Summary of the invention
For solving the problems of the technologies described above; The invention provides the brain targeting preparation of a kind of prodrugs of ibuprofen as ibuprofen; It is vitamin C-ibuprofen ester; This prodrug is linked to each other synthetic with ester bond by vitamin C and ibuprofen, be easy to see through blood brain barrier, and in brain, be hydrolyzed to ibuprofen and vitamin C performance synergistic therapeutic action.
Experiment showed, that the saturation solubility of prodrug vitamin C-ibuprofen ester in water compare with ibuprofen, improved nearly 10 times.Compare with ibuprofen, vitamin C-ibuprofen ester lipid drops to 7.3 from 13.Vitamin C-ibuprofen ester stability in different pH buffer is different, and is more stable in acid and neutral environment, and degraded rapidly under alkali condition.Hatch the result in 37 ℃ of blood plasma and show, vitamin C-ibuprofen ester is in the slow hydrolysis of blood plasma, and 1 hour degradation amount is about 10%, guarantees that it is not hydrolyzed before arriving BBB.Hydrolysis rate is very fast in brains, hydrolysis 50% approximately in 1 hour, and product is an ibuprofen, and basic hydrolysis is complete after 8 hours, prompting vitamin C-ibuprofen ester can transform ibuprofen performance drug effect rapidly in brain.

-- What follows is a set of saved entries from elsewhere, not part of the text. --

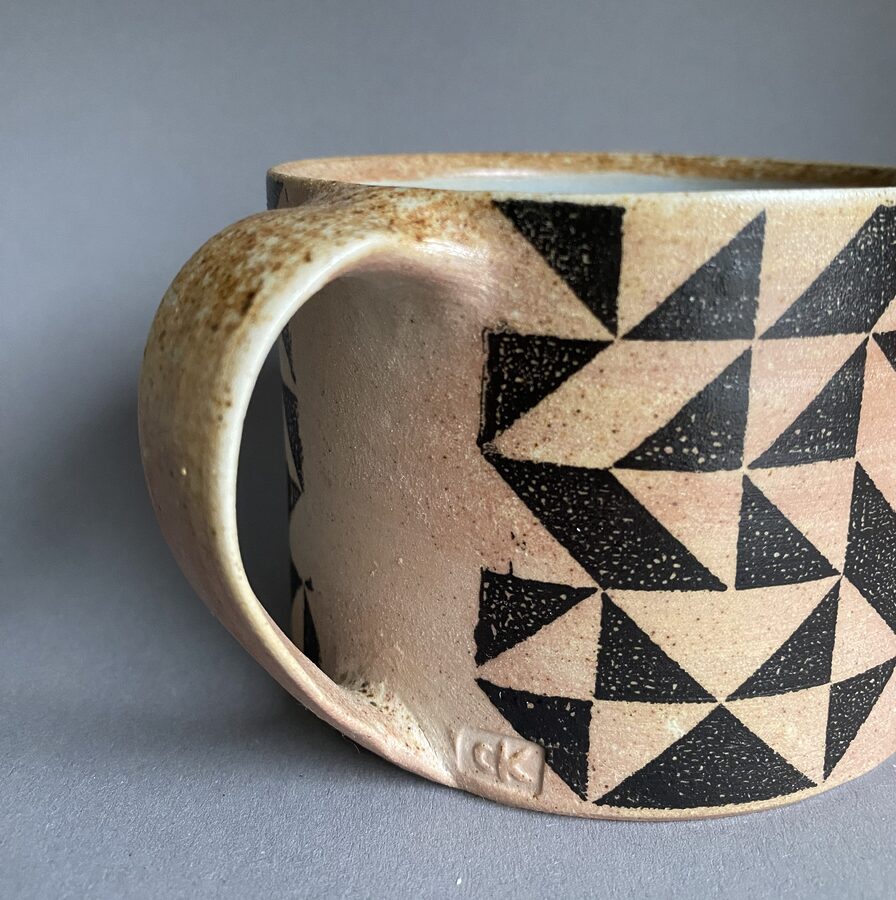 Camilla Kaupang, født 1975, bor og arbeider i Larvik. Hun har utdannelse innen arkitektur, er sivilarkitekt og har fagskoleutdanning i keramikk, samt en rekke kurs i vedfyring av keramikk. Hun lager bruksgjenstander i steingods som hun brenner med ved og soda. Forskjellige grunnstoffer gir forskjellig fargeutslag i forbindelse med fyringsprosessen, og Camilla liker å jobbe med serier som formalt hører sammen, men som i sine overflater har slektskap.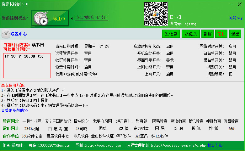 微家长控制电脑是一款专业的电脑控制的工具软件,软件可以帮助家长管控小孩子玩电脑的时间段,支持定时关机、关闭网络、关闭软件等等。十分方便快捷,界面简约,布局直观清晰,操作简单,极易上手,是一款不可多得的利器。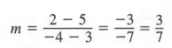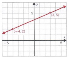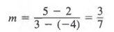 We designate (3, 5) as (x2, y2) and (-4, 2) as (x1, y1). Substituting into Equation (1) yields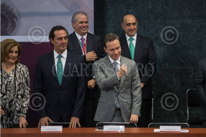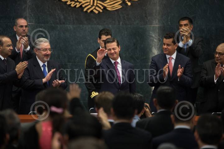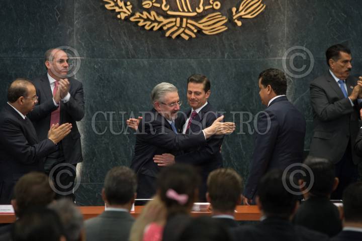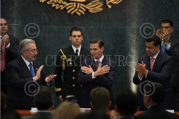 CIUDAD DE MÉXICO, 12JULIO2018.- Alfonso Navarrete Prida, secretario de Gobernación, Luis María Aguilar, presidente de la Suprema Corte de Justicia de la Nación, Enrique Peña Nieto, presidente de México, Edgar Romo García, presidente de la Cámara de Diputados, y Luis Maldonado Venegas, presidente del Comité Rector y de la Academia Nacional de Historia y Geografía, durante la ceremonia por el Día del Abogado en el salón Adolfo López Mateos de la Residencia Oficial de los Pinos. FOTO: ADOLFO VLADIMIR /CUARTOSCURO.COM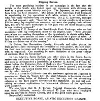 The Clipping Bureau is done a little differently in this section, not doing various specific papers with an article or two from each, but putting everything together. The American Fuel Company has gotten rid of their Japanese workers. Someone from the Semi-Tropic Fruit Exchange says he hates Japanese workers, that they are “entirely untrustworthy.” Various restaurants and clubs are getting rid of Japanese workers, and there's even an article saying that Chicago is being alarmed at the “influx” of Japanese moving into the city.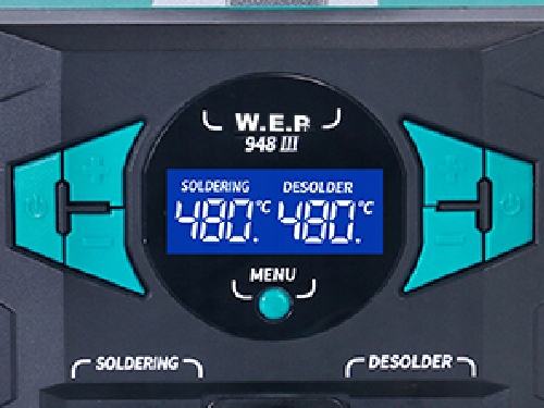 Паяльная станция WEP 948-III оснащена микропроцессором PID, который управляет работой устройства. Благодаря такому контролю температура получается очень точной и стабильной, а дополнительные функции делают работу эргономичной и очень эффективной.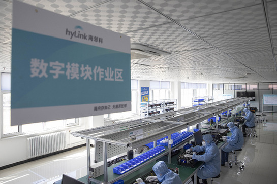 4月24日,在哈爾濱海鄰科信息技術有限公司生產(chǎn)車間,工作人員在進行生產(chǎn)作業(yè)。

Behind intravenous injection vitamin C-ibuprofen ester, its hydrolyzate ibuprofen mouse core, liver, lung, etc. organ-tissue distribute and descend, in brain, obviously raise.The AUC of vitamin C-ibuprofen ester group
0 → 8hBe 2 times of the ibuprofen group, targeting index Tl is 199.82 %, and total targeting efficient RTE is 78%.The holdup time of vitamin C-ibuprofen ester in blood plasma and brain improved 1.5 times and 1.4 times respectively, pointed out the brain targeting of vitamin C-ibuprofen ester.

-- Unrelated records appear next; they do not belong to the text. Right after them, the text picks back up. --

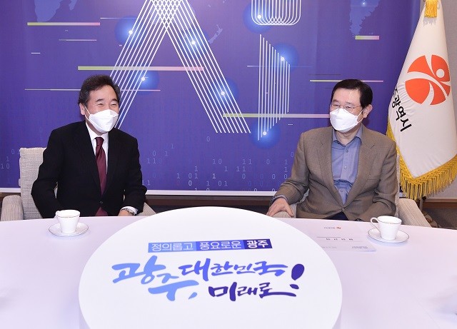 [광주=정찬남 기자] 이용섭 광주광역시장이 24일 광주를 방문한 더불어민주당 이낙연 대표를 만나 △광주 군 공항 이전사업 △5‧18민주화운동 등에 관한 특별법 개정 △5‧18국립묘지 제2묘역 침수 대책 등 주요 현안들에 대한 당 차원의 적극적인 협조를 요청했다.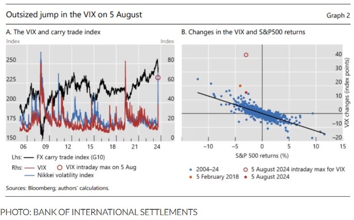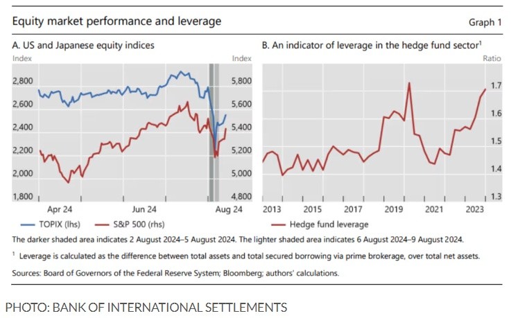 国际清算银行 (BIS) 的经济学家分析了 8 月 5 日全球金融市场崩溃的原因,尽管市场迅速恢复,但风险仍高。报告指出,推动市场波动的因素并没有显著变化,而交易者因低波动性而加大杠杆,这再次引发市场的脆弱性。虽然日元套利和其他投资策略导致了初步抛售,但其影响在于整体杠杆使用,清算机构要求更高资本以覆盖风险,引发追加保证金通知。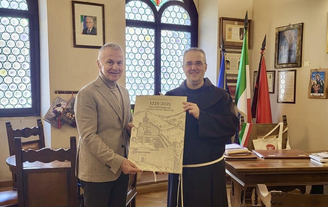 COMUNICATO STAMPA Il guardiano di San Damiano ha consegnato in anteprima al vicesindaco nove immagini che nel 2025 saranno in mostra nel santuario 800 ANNI CANTICO DELLE CREATURE, STAMPE CELEBRATIVE IN DONO AL COMUNE ASSISI,17 gennaio 2025 – Stampe celebrative del Cantico delle Creature, realizzate da artisti umbri in occasione dell’ottavo centenario, sono state donate al Comune di Assisi …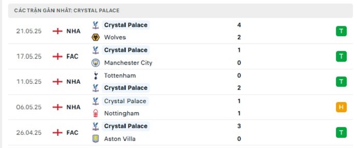- Phong độ Crystal Palace

Ascorbic acid (AscorbicAcid), i.e. vitamin C as the necessary nutrient substance of human body, plays an important role to the normal operation of brain.Being proved the intrasystem ascorbic acid concentrations of human central nervous is 200 times in the blood.Because vitamin C is physiological endogenous material, " nutrient substance (or derivant)-medicine " type prodrug also is that safe----prodrug regenerates nutrient substance usually after hydrolysis, can supply the body utilization.On several animal models, ascorbic brain protection's effect all is proved.Therefore, can predict that vitamin C-ibuprofen ester is a safety to human body.

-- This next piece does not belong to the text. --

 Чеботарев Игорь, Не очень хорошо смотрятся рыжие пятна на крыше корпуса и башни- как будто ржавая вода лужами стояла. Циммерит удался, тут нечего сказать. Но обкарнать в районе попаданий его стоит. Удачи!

For making things convenient for the preparation of this prodrug, the present invention further discloses the method for preparing of vitamin C-ibuprofen ester.With the ibuprofen is initiation material, adopts three-step reaction, and esterification, the deprotection reaction of promptly ascorbic prosposition hydroxyl protection reaction, 6 hydroxyls and ibuprofen obtain target compound vitamin C-ibuprofen ester.This method may further comprise the steps:
1) vitamin C prosposition hydroxyl protection reaction: vitamin C, potassium carbonate are dissolved in the dimethyl sulfoxide, stir under the room temperature after 2 hours, add bromobenzyl reaction 3-6 hour.Vitamin C, potassium carbonate and bromobenzyl mol ratio are 1 ~ 3:2 ~ 5:1 ~ 4.
2) 6 bit esterified reactions: the vitamin C and the ibuprofen of above-mentioned 2,3 benzyl protections are dissolved in the dimethyl formamide; The 4-2 methylamino pyridine that adds catalytic amount stirred after 10 minutes; Add 1-ethyl-3-(3-dimethylamine propyl) carbodiimide hydrochloride (EDCI), room temperature lower seal reaction 4 ~ 8 hours.2, the vitamin C of 3 benzyl protections, ibuprofen and EDCI mol ratio are 1 ~ 3:2 ~ 4:1 ~ 3.
3) debenzylation: the vitamin C-ibuprofen ester of 2,3 benzyl protections of above-mentioned product is dissolved in the methanol, adds 5% palladium carbon, under the room temperature in the pure hydrogen environment sealed reaction 24 ~ 48 hours, obtain vitamin C-ibuprofen ester.
Above-mentioned reaction is operation at room temperature all.Above-mentioned product warp
1HNMR,
13CNMR, UV, IR, MS etc. have carried out structural identification.
13CNMR result shows that 2 the C=O chemical displacement values in 170 ppm to 180 ppm places are corresponding with the new carbonyl that forms with the lactonic ring of vitamin C-ibuprofen ester; The chemical shift of phenyl ring carbon is high-visible; 120,155 ppm are for connecting the prosposition carbon geochemistry shift value of OH;
1The HNMR integral result surely closes with target compound hydrogen number except that active hydrogen mutually; UV as a result the absorption maximum of display-object chemical compound at the 225nm place.Fourier infrared spectrophotometer testing result shows that chemical compound has the flexible strong vibration peak of tangible OH base absworption peak and C=O key.The ESI-MS negative electricity is 363 from the molecular ion peak that produces, and proves conclusively to be target compound (molecular weight 364.4).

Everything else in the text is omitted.